Не только «трудный характер» Цветаевой осложнял совместную жизнь: ужас и напряженность, вызванные сталинским террором, на болшевской даче обострялись до предела; здесь каждый взрослый ожидал ареста... Непонимание (что происходит? почему? за что?), тревогу, страх от детей пытались скрывать. «Так, например, от нас: меня, Мура и брата Дмитрия – скрыли факт ареста Али», – вспоминает Софья Клепинина-Львова [238]. Она ошибается: Мур знал. «Подавленное ожидание конца», как позже определил состояние родителей на болшевской даче Дмитрий Сеземан, непроизвольно изливалось на детей в незаслуженных и непонятных для них раздражении и резкости. Не подозревая о трагедии взрослых, дети недоумевали, обижались на неоправданную строгость, воображали, что их больше не любят; возникало взаимонепонимание и отчуждение.
Как теперь, на вожделенной родине, оценивали «Львовы» и «Андреев» свою заграничную работу и возвращение? Что чувствовали, узнавая об арестах сослуживцев? Каким представляли себе будущее своих детей? Обсуждали ли между собой эти проблемы? Можно только предполагать...

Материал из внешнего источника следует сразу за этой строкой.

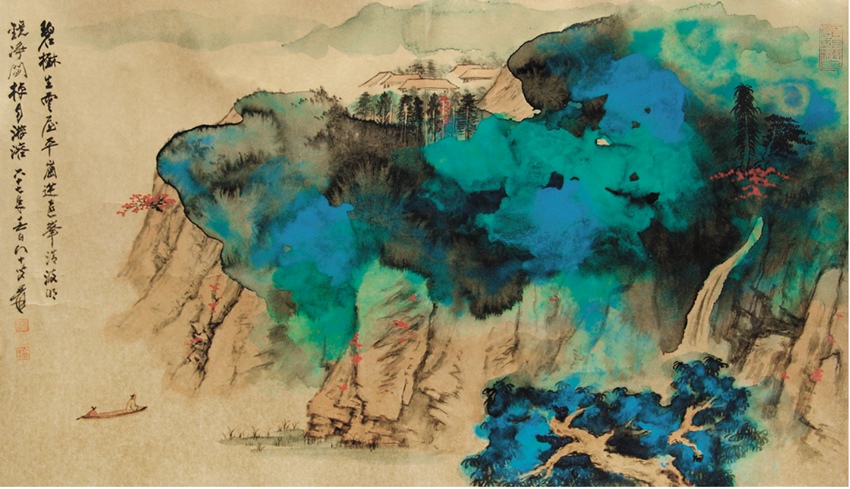 张大千字画真虚分辨,要凸现色彩,笔墨必须有所退让,否则便会破坏色彩的纯度与亮度。这与唐人大青绿山水、宋元以来小青绿山水有所不同——前者的要义在于空勾无(少)皴,色重且亮,故少用笔;后者在于色不碍墨、墨不碍色,努力在色与墨间求得平衡,其优点是保留笔墨的表现力,但色彩的鲜亮与厚重度却不得不退而求其次,此亦晋唐著色画与宋元水墨画的根本差异。正是缘此,张大千的重彩山水画,特别具有唐画重平面、喜勾勒的特色。也正是缘此,张大千在此图完成后写下了一段非常有意思的题识,兹录如下:

Я думаю, что со времени бегства Эфрона из Франции покой навсегда ушел из жизни Цветаевой. И все же, несмотря ни на что, Болшево оказалось самым спокойным временем ее жизни в Советском Союзе: семья была вместе и все были живы. Дмитрий Сеземан вспоминает вечера и разговоры у камина, чтение Цветаевой своих стихов и пушкинских переводов, чтение Д. Н. Журавлевым отрывков из «Войны и мира» Толстого. Цветаевой запомнились прогулки с Эмилией Литауэр (Милей), «возвращенкой», сотрудницей и другом Эфрона и Клепинина; радость поездки на только что открывшуюся Сельскохозяйственную выставку: последнее «счастливое видение» сияющей Али... Восстанавливая впечатления первых месяцев на родине, Цветаева записала: «Обертон, унтертон всего – жуть. <...> отсутствие камня: устоя». Неустойчивость сквозила во всем: в жизни за городом, в коммунальной квартире, в отсутствии у Цветаевой советских документов («живу без бумаг»), в неопределенности статуса бывших эмигрантов. Чувство «жути» усугублялось по мере понимания Цветаевой безвыходности ситуации и практической беспомощности – своей и мужа.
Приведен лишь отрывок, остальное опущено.